La croce, denunciando i pericoli e mostrando la radice – molti non credono proprio per la croce! -, pone nel modo più acuto il problema linguistico, il problema del come dire Dio, offrendo anche alcuni criteri orientativi.
La croce è il momento in cui si svela il massimo del divino, accanto al massimo dell’uomo. Di qui deriva che la parola della croce è una parola essenzialmente aperta, non esclusiva ma solidale, capace di tenere insieme la comprensione dell’uomo e la diversità di Dio, la trascendenza accanto all’immanenza, la vicinanza e la distanza» (F. Riva, Parola, parole e silenzio nel Vangelo, in Servitium, n. 89, pp. 20-27).
3. ALCUNE REGOLE DEL DIRE
La Parola di Dio, che discende dal suo dire, dal suo essere e dal suo fare, si rivolge, infine, a stimolare il dire, l’essere e il fare dell’uomo. Essa si presenta con delle caratteristiche, che ci permettono di confrontare la sua efficacia con la mai esausta ricerca della comunicazione della fede, che non ci lascia mai soddisfatti pienamente.
Si può qui ricordare:
«La parola di Dio è essenziale, e questo, almeno, secondo una triplice dire-zione: è evangelicamente povera; raggiunge l’essenza, il profondo dell’essere di Dio, di Cristo, dell’uomo; dice tutto, senza impedire di approfondire ancora.
La parola di Dio è una parola aperta, che riesce ad evitare contemporaneamente sia la dispersione dei significati (l’equivoco) sia l’appiattimento degli stessi su di una dimensione univoca, che non tollera differenze possibili.

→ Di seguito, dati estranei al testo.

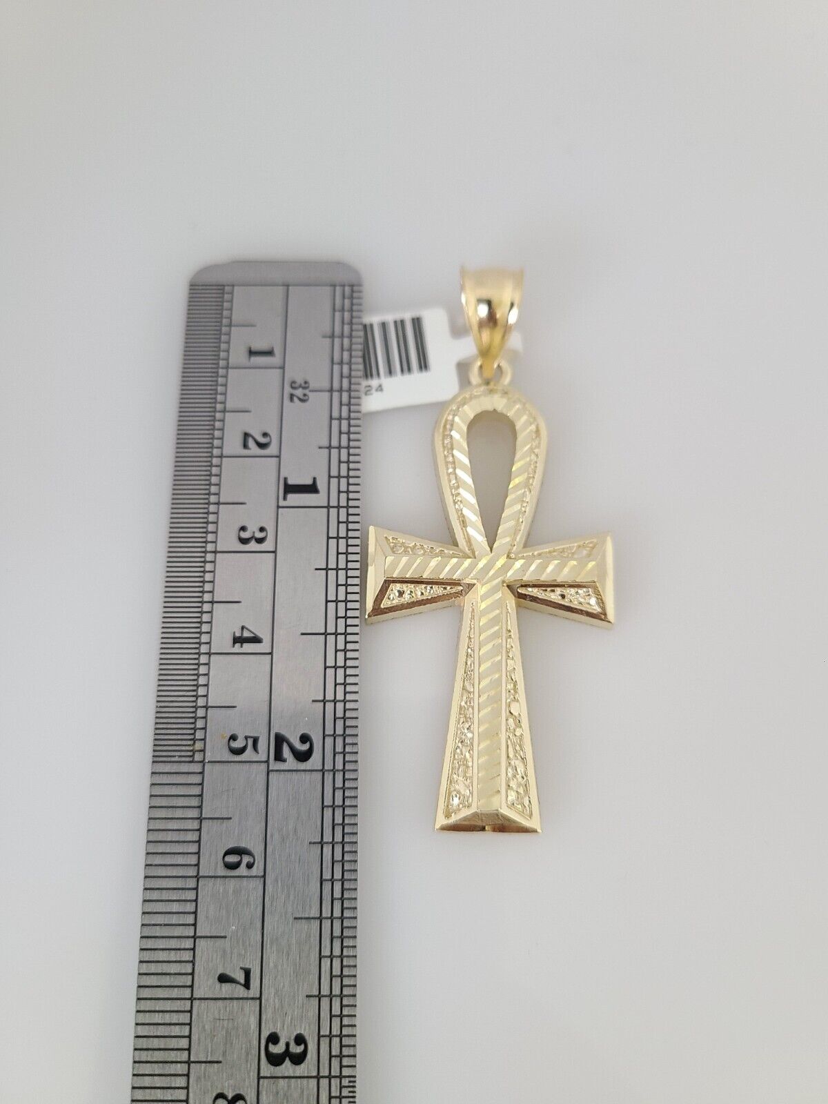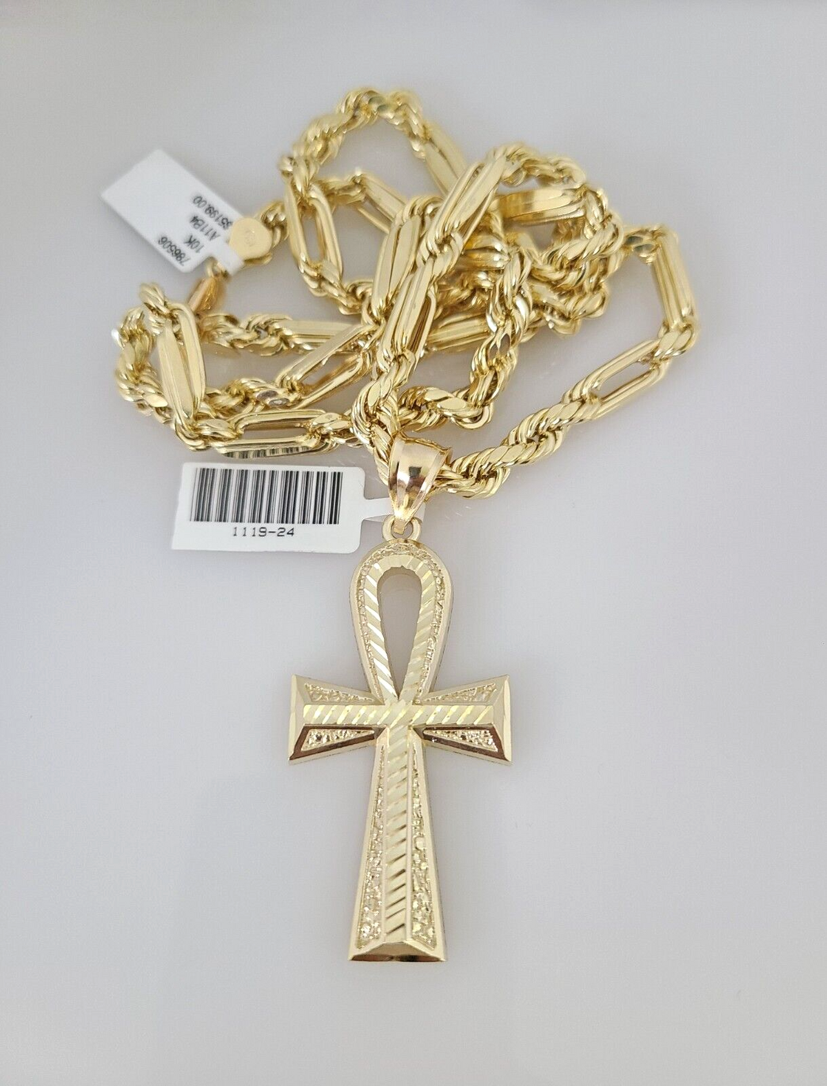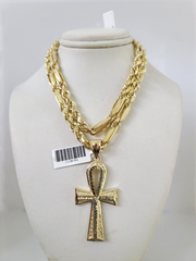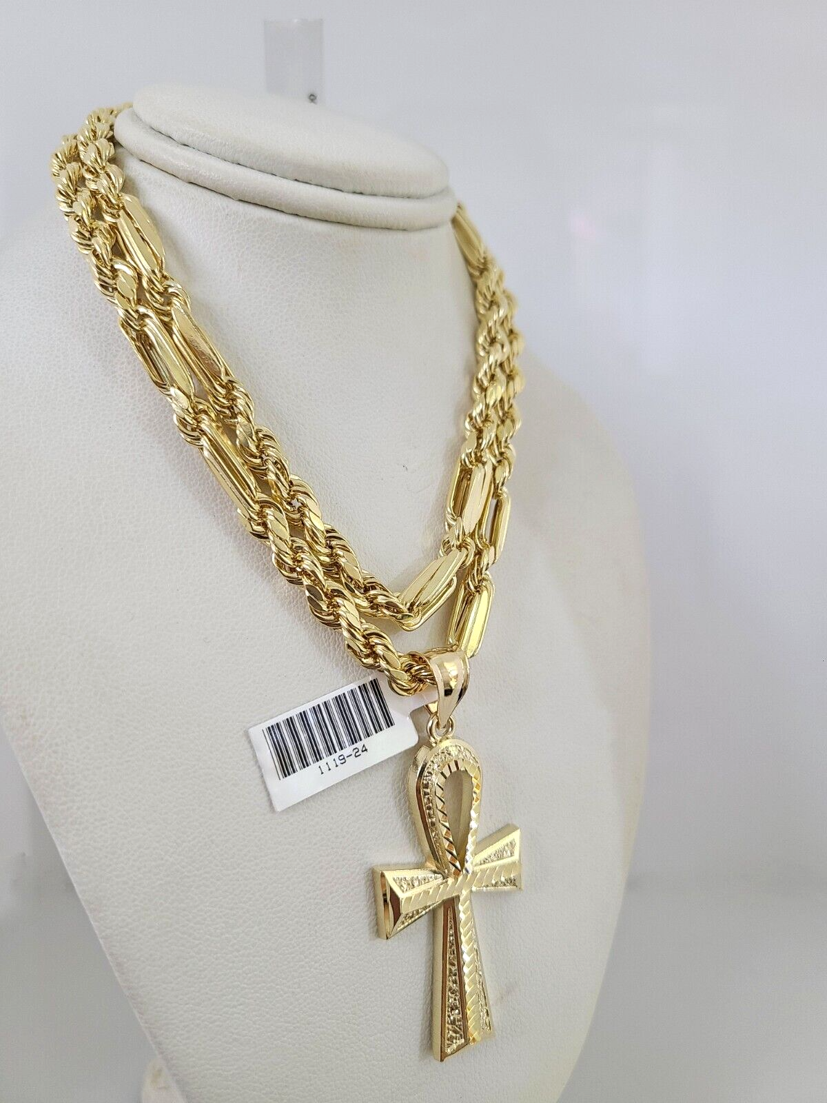 10k Gold Milano Rope Chain Ankh Cross Charm Pendant Set 20"-26'' Inches Necklace

Vive in una costitutiva polivalenza che trova unità a partire da un nucleo centrale, costituito dall’esperienza di Gesù come uomo e come Figlio di Dio.
La parola di Dio è dinamica ed efficace, capace di arrivare ad un dunque non solo nel discorso ma nella vita.
La parola di Dio è anche discreta, graduale, e rispettosa: dice tutto, ma non sciupa la gioia della scoperta; dice cose vitali, ma sa rispettare una crescita.
La parola di Dio è una parola attenta: non si misura sul solo contenuto ma an-che sul tempo e sul modo, senza però cadere nella logica delle convenienze e delle opportunità. Pur tenendo presente la situazione dell’uomo, il tempo ed il modo si valutano sulla necessità dell’annuncio della parola stessa, e non su altre, più o meno opportunistiche, considerazioni.
La parola di Dio è una parola bella, capace di coinvolgere e affascinare, capace di narrare e poetare, capace di alludere e meravigliare, sfruttando tuttavia non l’eccezionale, il mirabolante, la maschera o lo sconvolgente, ma l’essere e l’esperire quotidiano dell’uomo» (Ibidem, p. 26).